体验 TiSpark 基于 TiDB v6.0 (DMR) 最小实践

 边城元元  发表于  2022-04-11

一、概述

正值 TiDB v6.0 (DMR) 发布,本地虚拟机体验一把 TiSpark ,感受一下 TiDB 的强大!

二、TiSpark 简述

2.1 TiSpark 是什么?

​ TiSpark 是 PingCAP 为解决用户复杂 OLAP 需求而推出的产品。TiSpark 本身是 Spark 的一个扩展,利用了 Spark 提供的 Extensions 机制。

2.2 依赖其他组件吗?

​ TiSpark 依赖于 TiKV 集群和 Placement Driver (PD),也需要你搭建一个 Spark 集群(已有或全新搭建)。

2.3 架构在 TiDB 中的位置?

TiSpark 是将 Spark SQL 直接运行在分布式存储引擎 TiKV 上的 OLAP 解决方案。

TiSpark Architecture

2.4 TiSpark 能做什么?

  • 使用 TiSpark 进行数据分析和 ETL (Extraction-Transformation-Loading 的缩写,中文名为数据抽取、转换和加载)。

2.5 TiSpark 的优势是什么?

  • 简化了系统架构和运维

    • 从数据集群的角度看,TiSpark + TiDB 可以让用户无需进行脆弱和难以维护的 ETL,直接在同一个平台进行事务和分析两种工作,简化了系统架构和运维。
  • 分布式写入 TiKV
    • 相比使用 Spark 结合 JDBC 的方式写入 TiDB,分布式写入 TiKV 可以实现事务(要么全部数据写入成功,要么全部都写入失败)。
  • 使用 Spark 生态圈提供的多种工具进行数据处理
    • 用户借助 TiSpark 项目可以在 TiDB 上使用 Spark 生态圈提供的多种工具进行数据处理。例如,使用 TiSpark 进行数据分析和 ETL;使用 TiKV 作为机器学习的数据源;借助调度系统产生定时报表等等。
  • 支持鉴权和授权(TiSpark 2.5.0 版本以上)
    • 提高集群安全性、更好的优化 Tispark 的读写请求逻辑,拆分业务模块提高性能。

三、安装 TiDB 集群和 TiSpark

环境: Centos 7.3 虚拟机 2C 4G TiDB V6.0

版本说明

TiDB V6.0.0

TiSpark V2.4.1 (tispark-v2.4.1-any-any.tar.gz)
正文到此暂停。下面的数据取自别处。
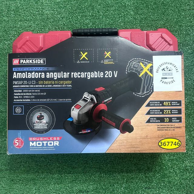 Detalles del productoAmoladora angular recargable Parkside Performance 20V.

Spark V2.4.3 (spark-v2.4.3-any-any.tar.gz)

准备工作

  1. Centos 7.3

使用 Virtualbox 导入介质配置虚拟机 Centos 7.3 大约1分钟配置完毕!(这里不再详细说明)

  1. ssh 设置

调大 sshd 服务的连接数限制

修改 /etc/ssh/sshd_config 将 MaxSessions 调至 100

sed -i 's/#MaxSessions.*/MaxSessions 100/g' /etc/ssh/sshd_config

# 重启 sshd 服务
systemctl restart sshd
  1. 安装tiup ,cluster组件
# 安装tiup ,cluster组件

curl --proto '=https' --tlsv1.2 -sSf https://tiup-mirrors.pingcap.com/install.sh | sh
source .bash_profile

tiup cluster

# 升级
tiup update --self && tiup update cluster

3.1 安装 TiDB 集群 Cluster111 和监控

3.1.1 Cluster111 拓扑
# 参考 https://github.com/pingcap/docs-cn/blob/master/config-templates/complex-mini.yaml
# cluster111.yaml

# # Global variables are applied to all deployments and used as the default value of
# # the deployments if a specific deployment value is missing.
global:
  user: "tidb"
  ssh_port: 22
  deploy_dir: "/tidb-deploy"
  data_dir: "/tidb-data"

# # Monitored variables are applied to all the machines.
monitored:
  node_exporter_port: 9100
  blackbox_exporter_port: 9115
  # deploy_dir: "/tidb-deploy/monitored-9100"
  # data_dir: "/tidb-data/monitored-9100"
  # log_dir: "/tidb-deploy/monitored-9100/log"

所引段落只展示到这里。